You can be sure that WAC will be prominently featured on any handset where the
operator has any influence.

Maybe it will work, or maybe it will be the next WAP, time will tell.

------
dave1010uk
Tizen appears to be replacing MeeGo. The MeeGo blog has a post "What's next
for MeeGo": <https://meego.com/community/blogs/imad/2011/whats-next-meego>

As Samsung are on board, I guess Tizen may be taking parts of their existing
Linux platform: [http://jeffhoogland.blogspot.com/2011/02/samsung-is-
backing-...](http://jeffhoogland.blogspot.com/2011/02/samsung-is-backing-
linux-slp.html)

------
mikecane
OK, look, my head is spinning here.
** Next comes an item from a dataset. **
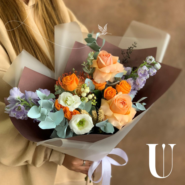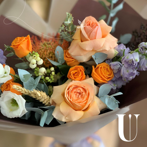 - Роза кустовая, оранжевая, 40 см. - 2 шт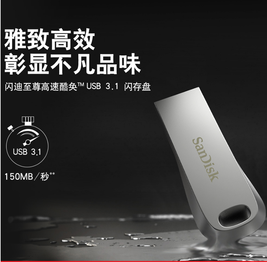 閃迪(SanDisk)USB3.1高速U盤CZ74酷奐銀色金屬外殼USB3.1 閃迪金屬U盤128G

This quote from The Verge:

//The MeeGo project is already encouraging its members to make the transition
to Tizen, going so far as to say that it believes the “future belongs to
HTML5-based applications, outside of a relatively small percentage of apps,
and we are firmly convinced that our investment needs to shift toward HTML5.”

I just don't understand how this then differs from webOS! Can someone make
this clear to me? Why reinvent the wheel? Do they feel webOS is now cursed or
what?

From a coder's perspective, what's the real difference here?

[typo edit]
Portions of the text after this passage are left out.